Liczba wyświetleń: 16
Likwidacja przymusu szkolnego i wprowadzenie, jako alternatywy, bonu edukacyjnego – wydaje się być koniecznością w warunkach jakie zaistniały w związku z pandemią.
Przymus szkolny w obecnych warunkach dezorganizuje życie całego społeczeństwa. Rodzice nie są w stanie zorganizować sobie życia i pracy wobec możliwości wprowadzania zajęć w trybie domowym tak z dnia na dzień na wieść o tym, że któreś z dzieci, czy nauczycieli zostało zakażonych koronawirusem.
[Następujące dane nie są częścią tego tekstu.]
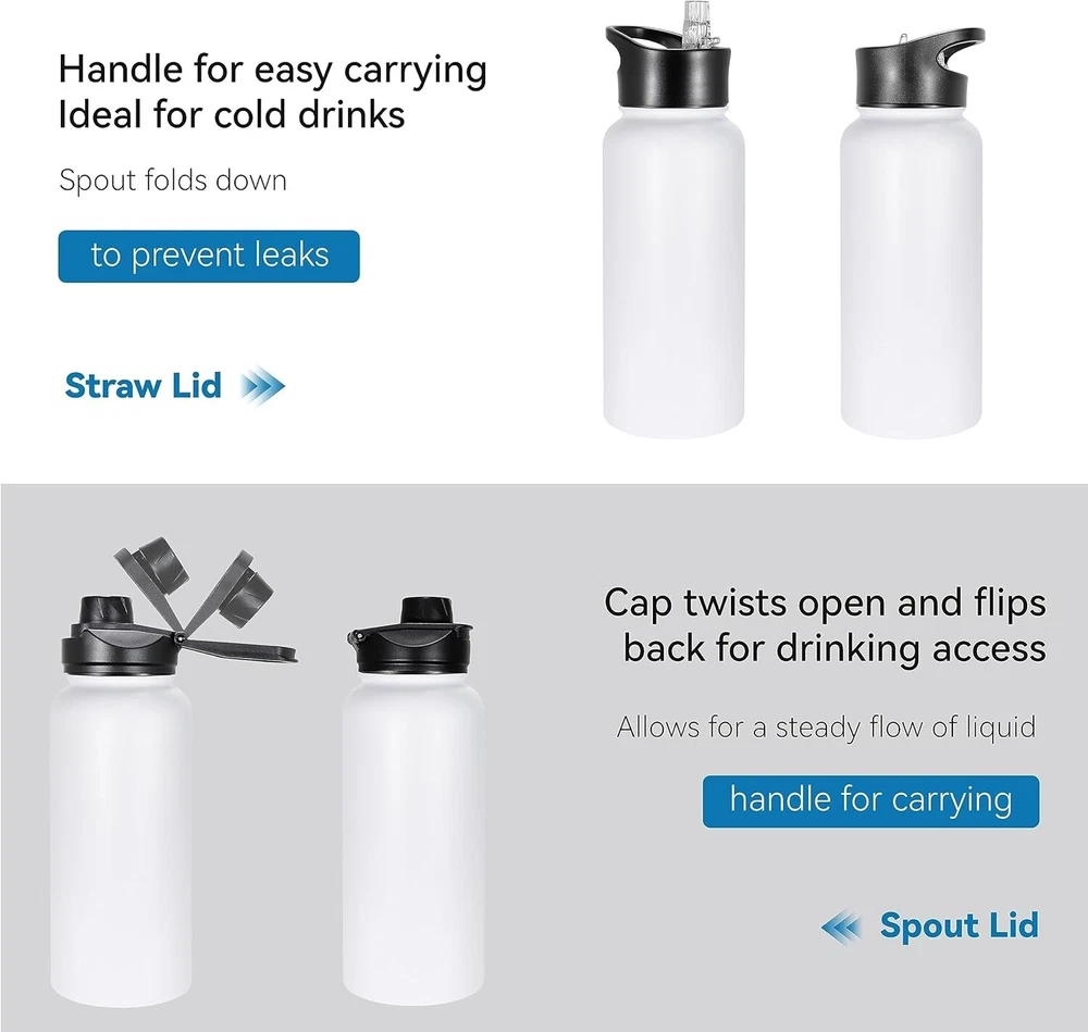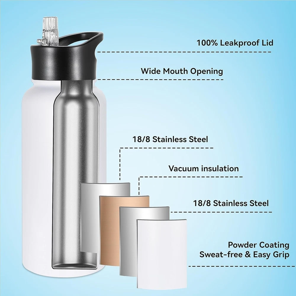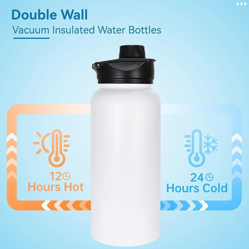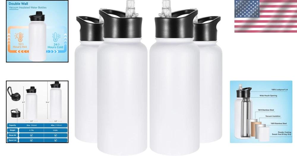 Item Shape: Round Age Range Description: Any Age Group Item Weight: 1.5 lb Unit Count: 32.0 Fl Oz Number Of Items: 4 Reusability: Reusable Color: White Department: Unisex Baby & Toddler, Adults, Teens, Girls, Boys, Kids Keeps Hot For: 12 hrs Material Type: Stainless Steel Personalize: No Bottle Type: Standard Bottle Lid Type: Twist Number of Items in Set: Four-Piece Care Instructions: Hand Wash Only Product Care Instructions: Hand Wash Only Item Dimensions W X H: 3.5"w X 8.9"h gtin13: Does not apply Style Name: White Capacity: 2 pounds Beverage Type: Hot or Cold Theme: Sport Container Type: Bottle Keeps Cold For: 24 hrs Recommended Uses For Product: Travel, School, Hiking, Sports Size: 32oz-4 Pack Features: Leak Proof, Vacuum Insulated, Reusable, Double Walled, Powder Coated Brand: Unbranded Sport Type: Boating, Hiking Material Type Free: Bisphenol A (bpa) Free Finish Types: Powder Coated UPC: Does not apply Material: Stainless Steel, BPA-Free Type: Water Bottle

W tej sytuacji rodzice , mając w swojej dyspozycji bon edukacyjny, mogą zorganizować nauczanie poza systemem obecnego szkolnictwa tak, aby nie dezorganizować normalnego funkcjonowania rodziny i społeczeństwa.
Skoro ważniejsze jest bezpieczeństwo – ograniczenie ilości zachorowań wirusem o niskiej śmiertelności – to lepiej, aby państwo zrezygnowało ze swej prerogatywy tyczącej organizacji nauki.
Wskazane utrudnienia i ograniczenia, straszenie społeczeństwa, są przeciwskuteczne, a stanowią jedynie formę nieuzasadnionych restrykcji. Wszelkie formy kar i ograniczeń wolności dla osób mających kontakt z osobami, które miały kontakt z wirusem są przejawami ograniczeń wolności osobistej. Jest to zupełnie nieuzasadnione, gdyż przecież osoby będące nośnikami innych równie groźnych, a często nawet bardziej śmiertelnych chorób – choćby HIV, gruźlica, czy syfilis – nie są narażeni na żadne restrykcje.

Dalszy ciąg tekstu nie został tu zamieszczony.